:: EXERCISE REQUIREMENTS ::
Copy out the listing in full, exactly as written, but not its pictures.

:: PROVIDED DATA ::

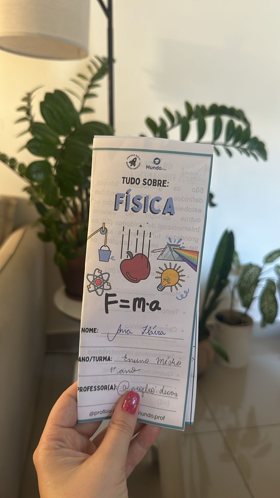 O material em PDF com 30 páginas é uma proposta de folder e atividades para introduzir à disciplina de Física. O material conta com diferentes versões de como introduzir a Física para os estudantes, podendo optar por quais utilizar. Acompanha instruções para professores, versões colorida e preto e branca, além de sugestões de gabarito.
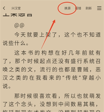 2、确认开始阅读后,在小说阅读页面点击屏幕中央唤起功能列表,接着点击右上角的“换源”选项,就能更换小说的书源地址了。
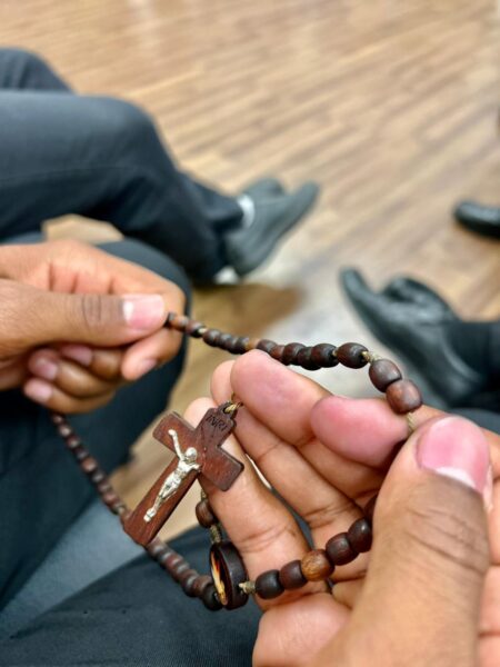 Cada mistério do terço foi confiado a uma etapa formativa do seminário, simbolizando a comunhão e a corresponsabilidade de todos na obra evangelizadora:

:: OUTPUT OF THE EXERCISE ::
 O material em PDF com 30 páginas é uma proposta de folder e atividades para introduzir à disciplina de Física. O material conta com diferentes versões de como introduzir a Física para os estudantes, podendo optar por quais utilizar. Acompanha instruções para professores, versões colorida e preto e branca, além de sugestões de gabarito.
 2、确认开始阅读后,在小说阅读页面点击屏幕中央唤起功能列表,接着点击右上角的“换源”选项,就能更换小说的书源地址了。
 Cada mistério do terço foi confiado a uma etapa formativa do seminário, simbolizando a comunhão e a corresponsabilidade de todos na obra evangelizadora:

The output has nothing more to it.